She was thinking of the Fort Dix incident. In February of 1976, a young military recruit at New Jersey’s Fort Dix died unexpectedly from an unfamiliar strain of the influenza virus that also had characteristics of a contagion infecting domestic hogs. Then it was discovered that thirteen others were infected. The government, fearing the public could not adapt quickly enough to the new variant, ordered a vaccine be developed and delivered as soon as possible. Just weeks after the population began receiving inoculations, however, more than two dozen recipients were dead while others developed nerve damage, some to the point of permanent paralysis. Further inoculations were cancelled, and the government became the target of lawsuits totaling more than a billion dollars. Ironically, no other deaths from the original Fort Dix outbreak occurred, and the illness passed. Nevertheless, many people became gun-shy about vaccines thereafter, never realizing that the great majority worked exactly as intended and were completely safe.

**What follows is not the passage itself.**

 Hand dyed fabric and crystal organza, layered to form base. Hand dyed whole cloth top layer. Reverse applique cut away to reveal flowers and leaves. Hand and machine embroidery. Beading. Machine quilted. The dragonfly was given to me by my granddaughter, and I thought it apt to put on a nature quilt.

“Okay, Sheila,” the president said, “thank you for the update. Keep your people working on this around the clock.”

“I will, Mr. President. Thank you.”

*   *   *

The screen went blank and most of the attendees filed out of the room. The president, however, remained seated, as did CIA Director Leon Panetta.

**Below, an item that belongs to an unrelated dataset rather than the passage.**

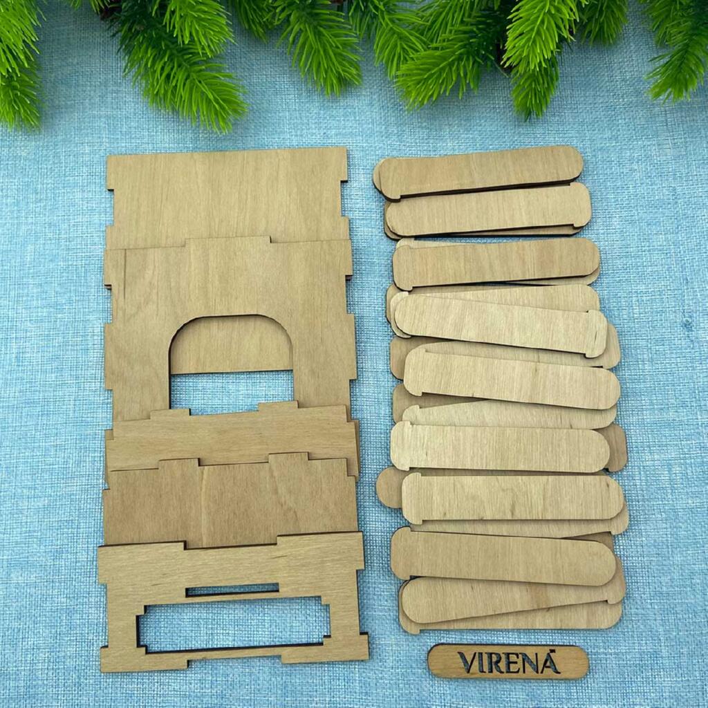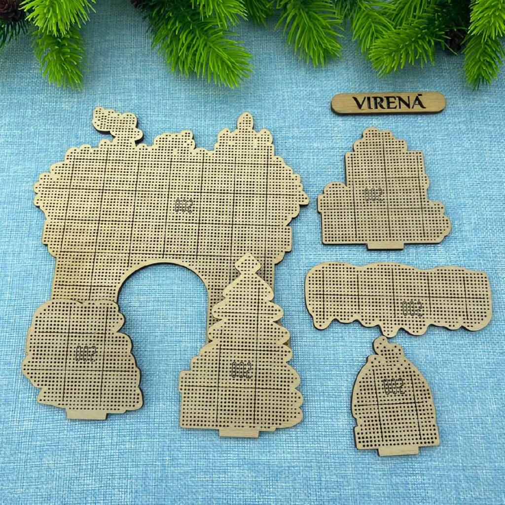 Календар складається з основної конструкції до якої кріпляться вишиті елементи. Також в комплект входять 24 дерев'яні пластини до яких додається листок з рекомендованими завданнями на кожен день. Адвент календар складається з комплекту фігурок з дерева (42 деталі).

“Leon, do you have reason to believe there’s a terrorist connection to this?”

Panetta, the affable son of Italian immigrants who would go on to nine terms in the House of Representatives and serve as President Bill Clinton’s chief of staff before becoming Obama’s “top spy,” said, “There is no evidence to suggest it as of yet. Naturally, several groups are claiming responsibility, but none are credible. In the upper levels of terrorist society, no one’s saying a word.” The president didn’t seem eased by his comments. “Do you have a specific concern, sir?”

Obama shook his head. “No, but it’s something we have to consider. I’m trying to improve our relations around the world, but it would naïve to think that it could be accomplished everywhere. Syria, Iran, North Korea … Hezbollah, Islamic Jihad, Hamas … the Taliban, the remaining fragments of Al-Qaeda … There are still plenty of people who would like to see America brought to its knees.”

“No doubt.”

“If this does turn out to be something manufactured rather than natural, I’ll have no choice but to respond.”

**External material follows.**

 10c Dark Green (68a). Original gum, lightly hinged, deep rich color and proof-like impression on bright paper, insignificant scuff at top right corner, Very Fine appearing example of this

Panetta nodded. “Yes, Mr. President.”

“Not what you want to be doing with one hand while holding out an olive branch with the other.”

“No, sir.”

The president spent another moment in his private thoughts. Then, “Okay, keep the agency’s ear to the ground, and the rest of us will keep our fingers crossed.”

“Yes, Mr. President.”

“And please operate
quietly
. If the press gets wind of any suspicions on our part…”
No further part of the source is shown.